Mine happened a few years back as well, coming home from work, and already fairly close to my home.
I'm on a dedicated right hand turn lane ready to make the right turn about six cars deep, and this one guy tries to squeeze in front of me so he wouldn't have to go to the back of the line, and he saw me there's no question about - he looked right at me. He just wanted in, and persisted, I was just simply not moving (yet) we were doing like 5 mph approaching the turnpoint. Then at that point he actually weaved in and out like trying to scare me into moving over towards the curb, which I did and let him in. Basically he used his car as a weapon at that point.
There was a traffic light shortly after the turn and he had to stop and so did I. I bet he was shitting his pants at that point because he had nowhere to go, he was boxed in traffic. I got off the bike and approached him at the driver's window simply to ask him what the **** are you doing? I was also going to bother to explain to him the dangers the people like him but motorcyclists in, that's all. I had no other intentions. The chickenshit didn't open the window, but he gestured at me with a hand looking like a gun, and at one point he reached towards the glove box and that's when I left. I got his license plate and pulled over right there to call the police, and the person that was behind him and I actually saw everything that had happened, and he pulled over as a witness, for the moving portion of it, not for the gesture of the gun and reaching to the glove box because he didn't see that from his car.
Police arrived, took my report, and that of the witness. The officer asked if I wanted to press charges and I said yes - legitimately so, I felt my life had been out in danger.

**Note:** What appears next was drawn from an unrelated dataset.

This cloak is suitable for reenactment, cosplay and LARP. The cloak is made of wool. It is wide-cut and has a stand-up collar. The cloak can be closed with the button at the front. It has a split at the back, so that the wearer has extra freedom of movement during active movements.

They found the guy not very far away at his home, got arrested and charged. Can't remember exactly what the charge was, but it's something to do about using the vehicle in a way to put someone's life in danger, or something to that effect.

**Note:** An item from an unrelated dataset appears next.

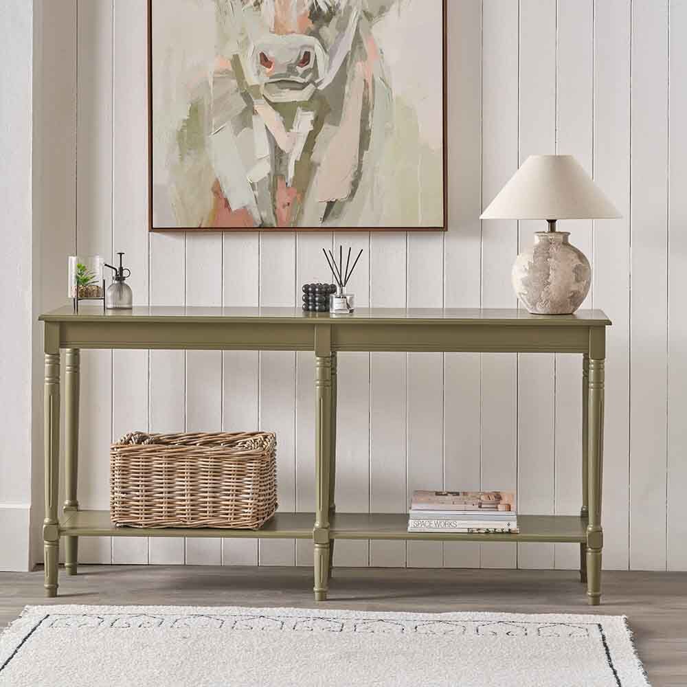 This elegant, extended rectangular pine wood console table is finished in the rich olive lacquer, combining practical storage with a spacious tabletop. Perfect for entrance hallways or indeed any living space, the deep, inviting hue brings warmth and character, adding understated sophistication without dominating the room.

This is the way that some people learn.
After several months of going back and forth we ended up in court, a trial by jury.
He was there with his lawyer, I had the prosecutor and the fellow witness who had stopped.
Long story short, the mentality of so many people who don't understand when things like this happen or what they do when they take actions like these. When I was put on the stand I gave my testimony of how I felt when this was happening, how threatened I felt, and that I had felt my life was in danger - the trial went on.
After a day's trial the jury (probably mostly cagers) finds him not guilty. That goes to show the mentality of how people see motorcyclists. With everything that happened that day, the witness, and so on, only a jury that doesn't understand what motorcyclists go through when trying to ride safely, how using a vehicle as a weapon is against the law, and the dangers that cagers put us in would allow that guy to get off.
At least it cost them pretty penny to have to hire a lawyer and spend the time to a trial. Lawyers that have to go to trial are not cheap.